FA, meet F-O … Over the preceding decade, Germany denuclearized and, in so doing, unilaterally disarmed itself of sovereign electrons. The country shut down 17 reactors that once provided a third of its power, starving its industrial base, increasing carbon intensity vs. the keep-them-running counterfactual, backfilling the gap with coal and imported gas, and then FAFO’ing when the gas was weaponized by Moscow, or more recently, held up in the Strait of Hormuz.

And now? A couple weeks ago, Germany’s energy minister called the nuclear phase-out “a huge mistake.” The same could be said of other rich, industrialized societies whose rulers talked themselves into denuclearizing in recent decades — and are now scrambling to memory-hole this choice and reverse course ASAP.

Something is happening everywhere all at once…

The Energy Department has been bull-posting about the “nuclear renaissance” on main for months now…. And last week, if you keyword-searched the phrase, you would have gotten hits from the Texas Governor, DOE, and a Wall Street bank.

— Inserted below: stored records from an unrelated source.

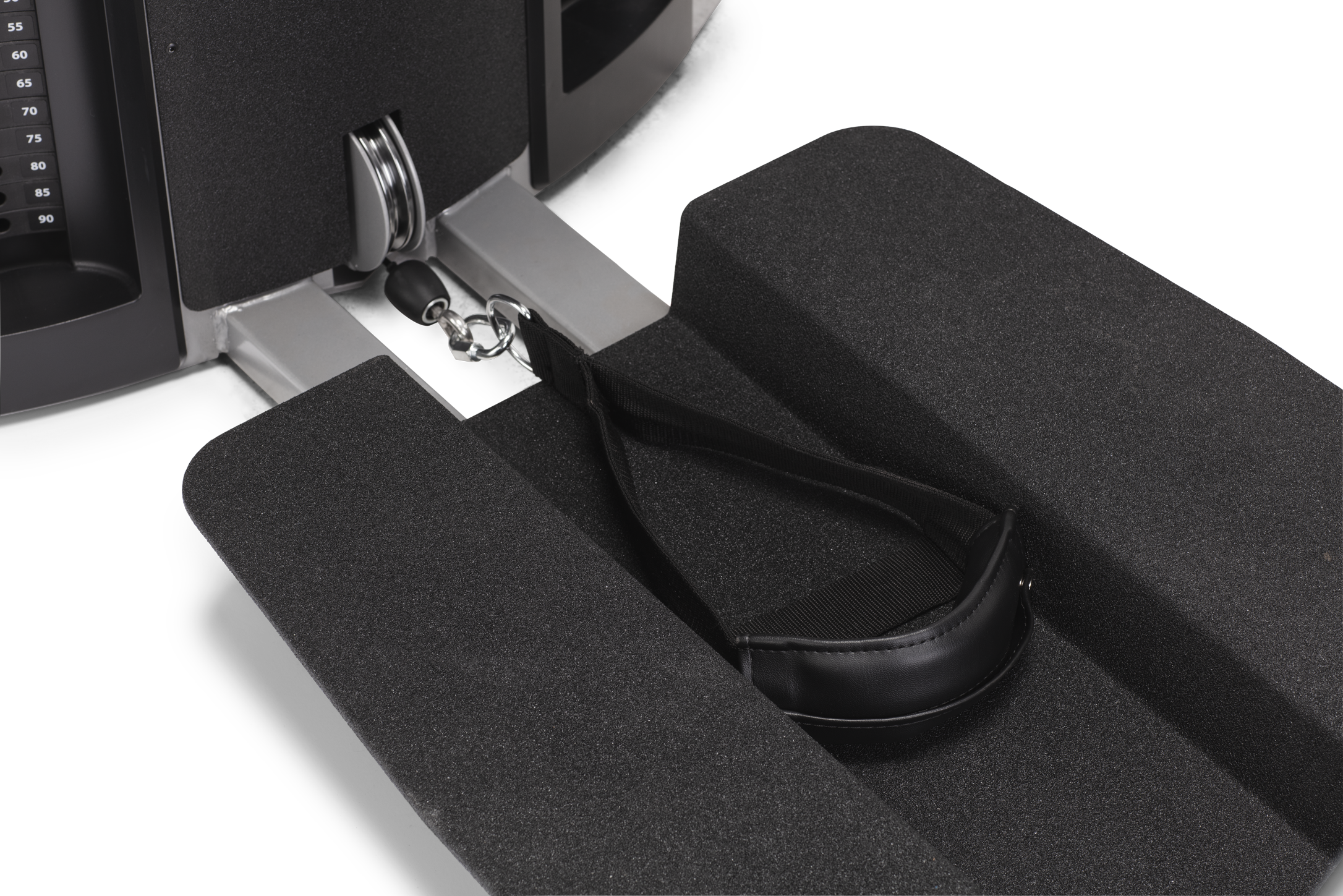 Specially designed foot harnesses help to keep feet secure throughout the movement.
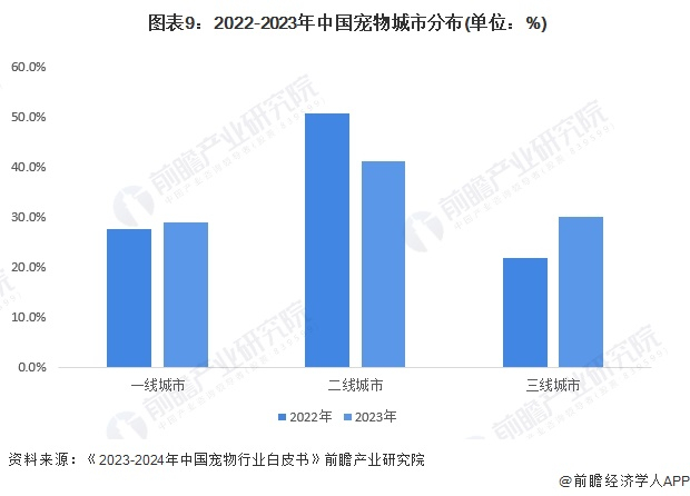 从宠物城市分布来看,2023年宠物主仍主要分布二线城市,占比41.1%,一线城市、三线及以下城市宠主较2022年均有所上升,其中一线城市宠主占比为28.9%,三线及以下城市占比为30%。
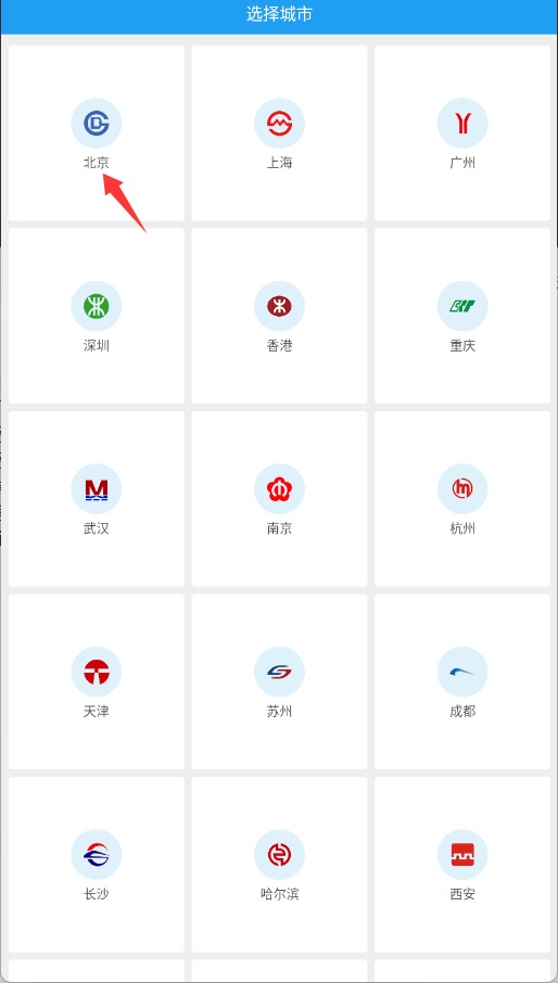 1、打开应用后,首先在支持的城市列表中选择您当前所在的城市位置。
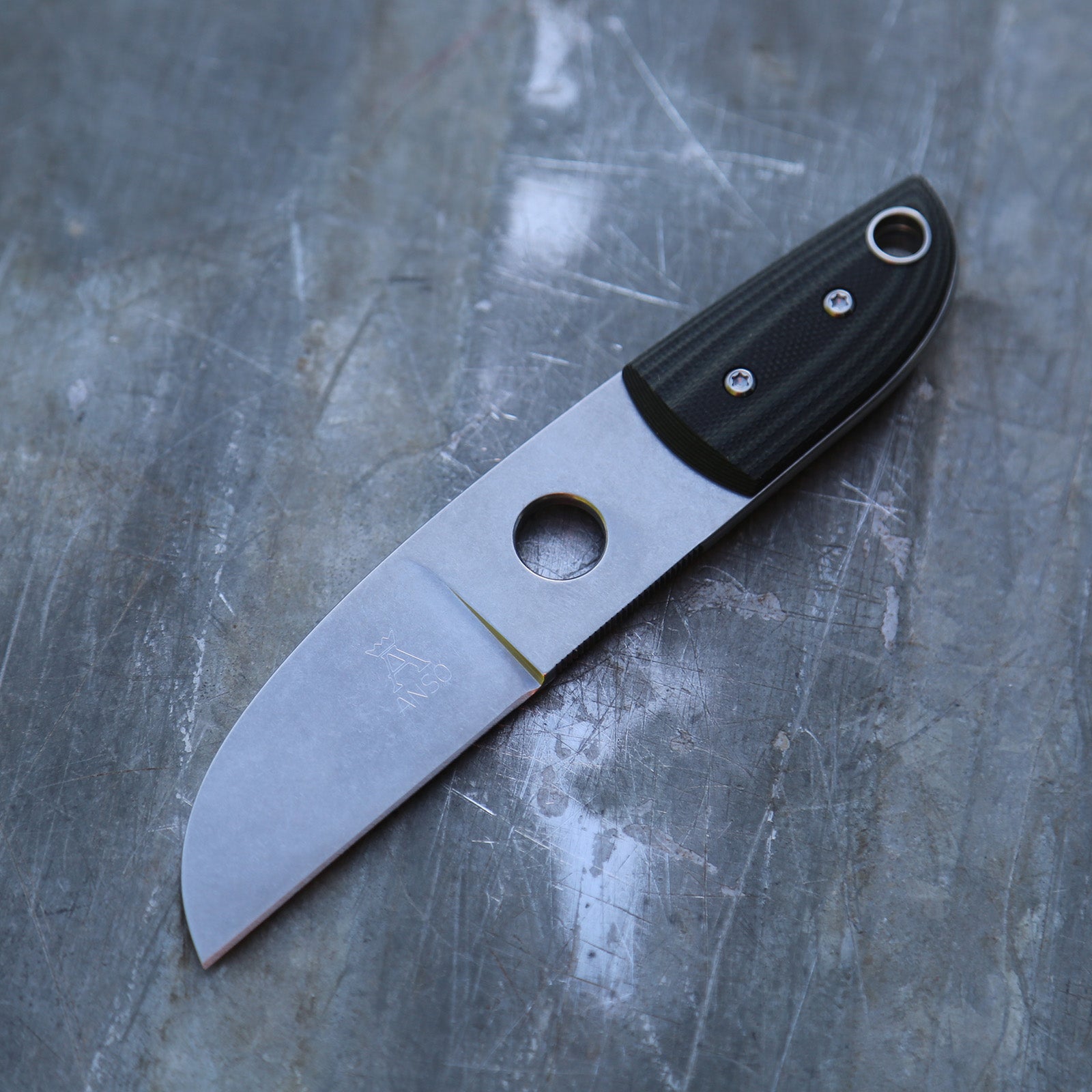 The Anso Sheepsfoot knife. This extraordinary blade is a testament to meticulous craftsmanship and unrivaled functionality. Handcrafted with precision and attention to detail, this knife is designed to exceed your expectations in every way.
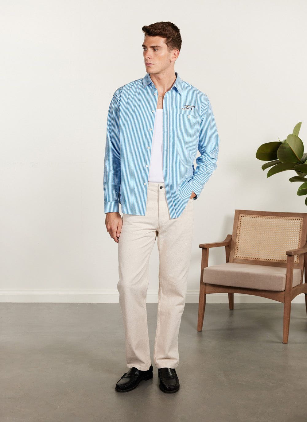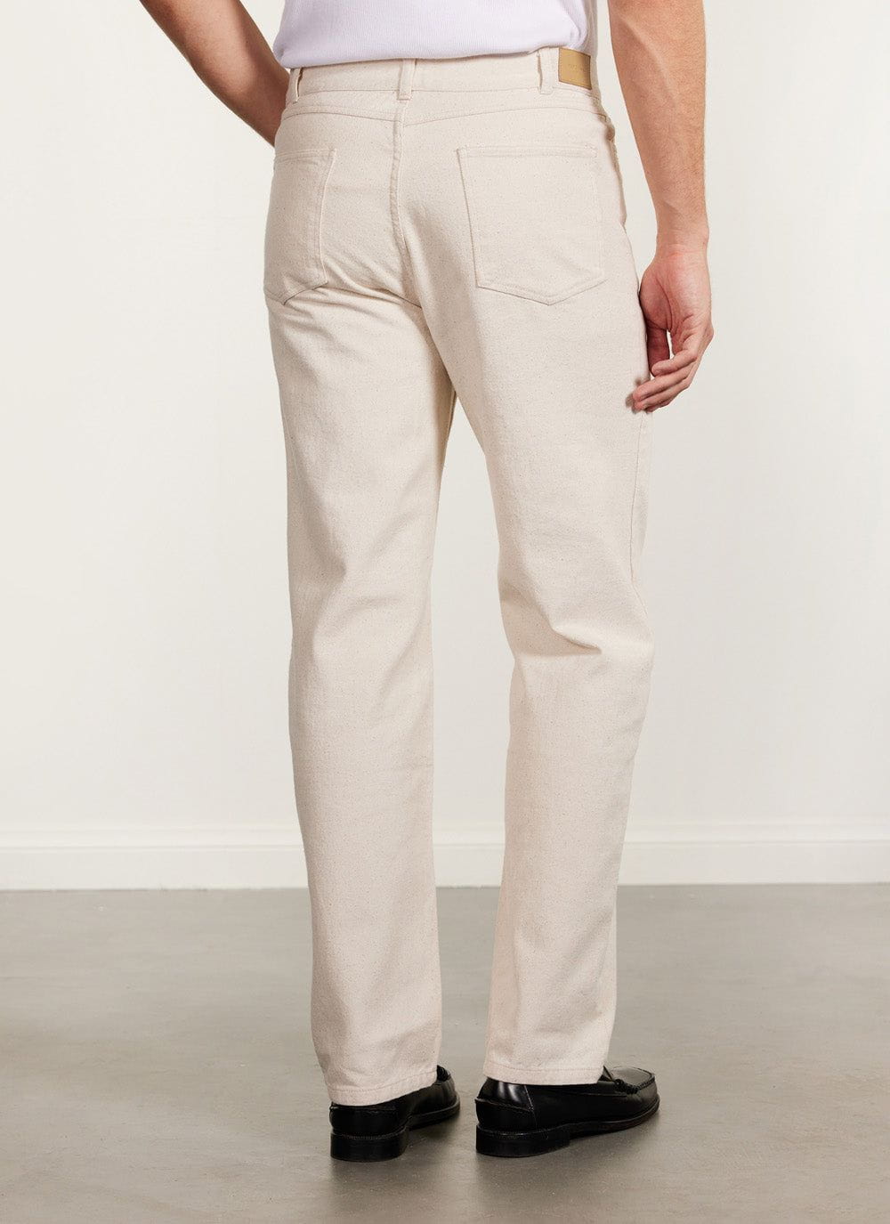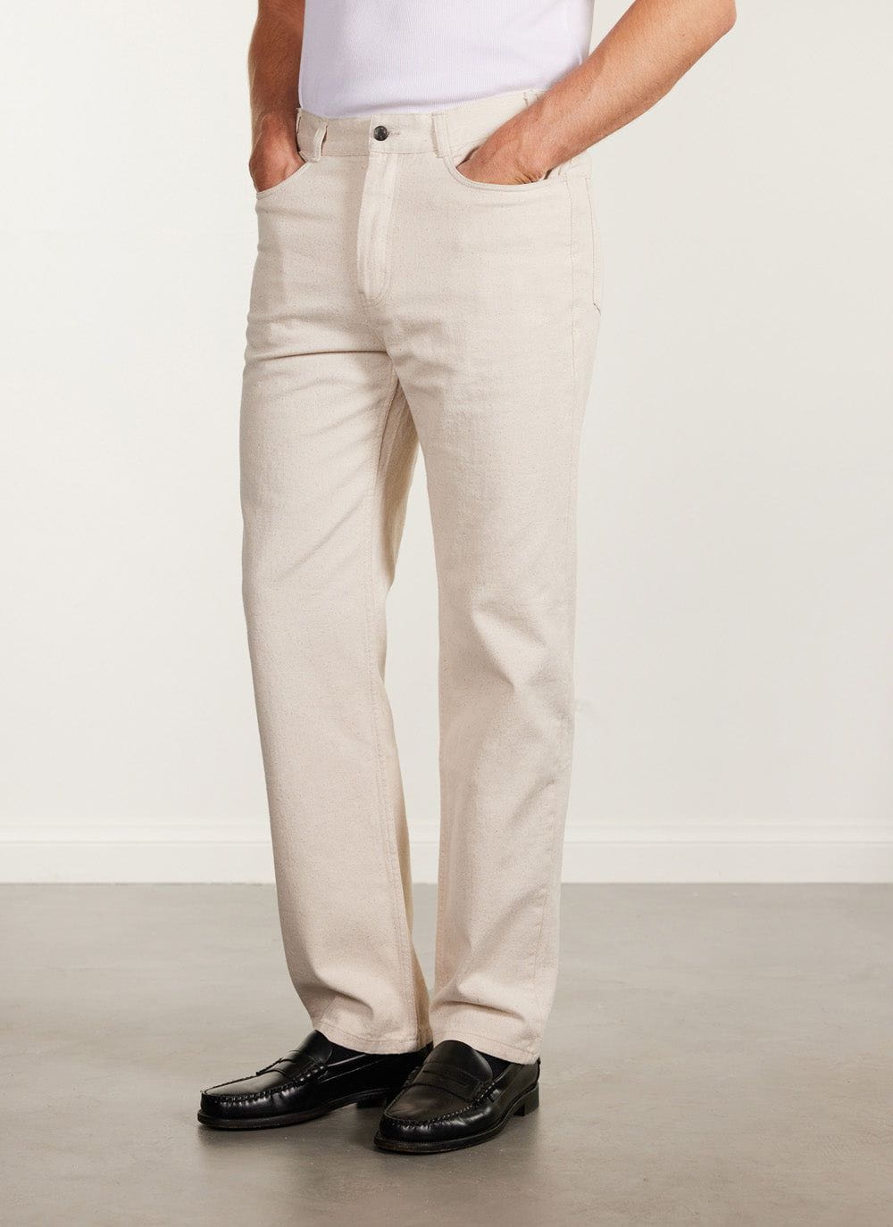 - Features: Men’s wide fit trousers made from twill cotton. With a button and zip fly, 5 pockets and in a regular rise, these cream trousers are ideal for every day wear and pair perfectly with an oversized tee.

A new global nuclear consensus has taken hold, as was made evidently clear over the span of ~100 hours last week:

  • NEW ENGLAND: On Tuesday, the region’s six governors signed a joint commitment to keep their existing reactors online and advance new sites.
  • TEXAS: On Wednesday, Lone Star State opened applications for a $350M fund to pull reactor manufacturing and fuel-cycle capacity into the state.
  • CALIFORNIA: On Thursday, Diablo Canyon, once slated for closure, won NRC license renewal through 2045.
(Ryan here…folks, as someone who’s spent 90+% of his life in Texas or New England, trust me — you don’t see these two places agree on much.)

What happened?

Diablo Canyon, California’s largest clean power source, will remain online for two more decades.

The 180° turns in Berlin, Brussels, Sacramento, Washington, and elsewhere all amount to an admission that the denuclearization agenda was driven by something other than decarbonization, that clean baseload power shouldn’t be taken for granted, and that these rich societies will now pay the price to rebuild the thing they talked themselves into blowing up (in some cases, literally).

Even as you blow up a good thing you had going, others will keep building while you’re crashing out. China approved 10+ new reactor starts per year for four straight years and now accounts for 62% of all new construction globally — building at ~$2.50/watt in five years, versus ~$15/watt and a decade at Vogtle, America’s only new-build this century.

THE GOOD NEWS: America still operates the world’s largest civilian reactor fleet, has the deepest capital pools, and there are price-insensitive buyers (hyperscalers) lining up to take whatever they can get, as the AI Supercycle, electrification, and reindustrialization pull grid growth out of a decade-long flatline. Last but not least, the political will to build has clearly arrived. Now for the hard part of rediscovering the lost art (and tribal knowledge) of building big reactors on schedule and on budget.